### Exercise directions
Repeat exactly, and nothing more, the lines from the one that includes "Tablet translation from" through the final line of the entries; skip the pictures.

[Records from a data collection]
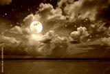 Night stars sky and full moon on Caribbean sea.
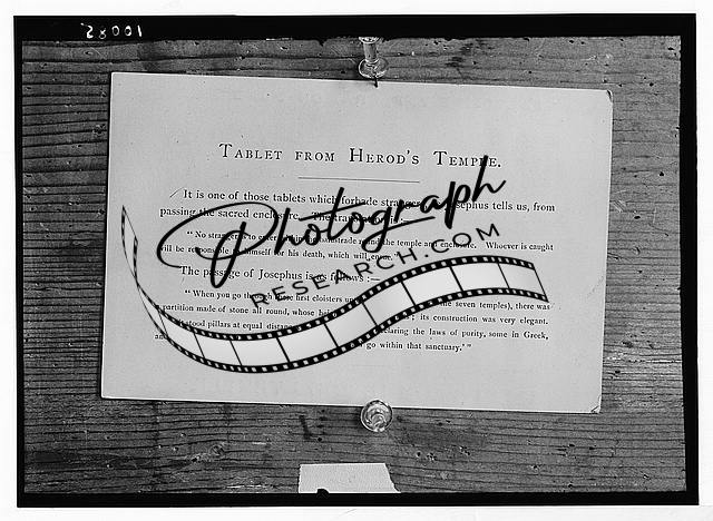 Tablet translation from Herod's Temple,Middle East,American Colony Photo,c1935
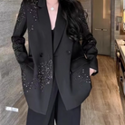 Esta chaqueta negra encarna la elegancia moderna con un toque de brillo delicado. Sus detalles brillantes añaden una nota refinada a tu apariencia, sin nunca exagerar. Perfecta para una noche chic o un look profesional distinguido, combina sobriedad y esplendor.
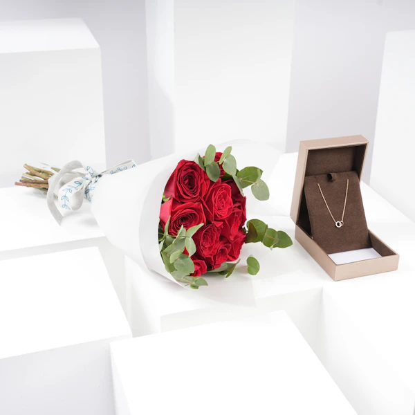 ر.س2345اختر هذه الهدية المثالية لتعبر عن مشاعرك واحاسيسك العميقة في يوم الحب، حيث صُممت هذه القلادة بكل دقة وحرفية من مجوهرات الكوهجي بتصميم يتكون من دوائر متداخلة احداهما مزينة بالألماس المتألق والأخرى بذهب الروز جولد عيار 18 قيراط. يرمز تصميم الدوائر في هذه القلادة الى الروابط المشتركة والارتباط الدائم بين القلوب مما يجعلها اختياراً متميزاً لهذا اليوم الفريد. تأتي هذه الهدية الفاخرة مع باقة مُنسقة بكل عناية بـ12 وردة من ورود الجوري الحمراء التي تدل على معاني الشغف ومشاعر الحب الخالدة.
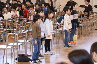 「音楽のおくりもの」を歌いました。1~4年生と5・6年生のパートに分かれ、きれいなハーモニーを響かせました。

### Result
 Tablet translation from Herod's Temple,Middle East,American Colony Photo,c1935
 Esta chaqueta negra encarna la elegancia moderna con un toque de brillo delicado. Sus detalles brillantes añaden una nota refinada a tu apariencia, sin nunca exagerar. Perfecta para una noche chic o un look profesional distinguido, combina sobriedad y esplendor.
 ر.س2345اختر هذه الهدية المثالية لتعبر عن مشاعرك واحاسيسك العميقة في يوم الحب، حيث صُممت هذه القلادة بكل دقة وحرفية من مجوهرات الكوهجي بتصميم يتكون من دوائر متداخلة احداهما مزينة بالألماس المتألق والأخرى بذهب الروز جولد عيار 18 قيراط. يرمز تصميم الدوائر في هذه القلادة الى الروابط المشتركة والارتباط الدائم بين القلوب مما يجعلها اختياراً متميزاً لهذا اليوم الفريد. تأتي هذه الهدية الفاخرة مع باقة مُنسقة بكل عناية بـ12 وردة من ورود الجوري الحمراء التي تدل على معاني الشغف ومشاعر الحب الخالدة.
 「音楽のおくりもの」を歌いました。1~4年生と5・6年生のパートに分かれ、きれいなハーモニーを響かせました。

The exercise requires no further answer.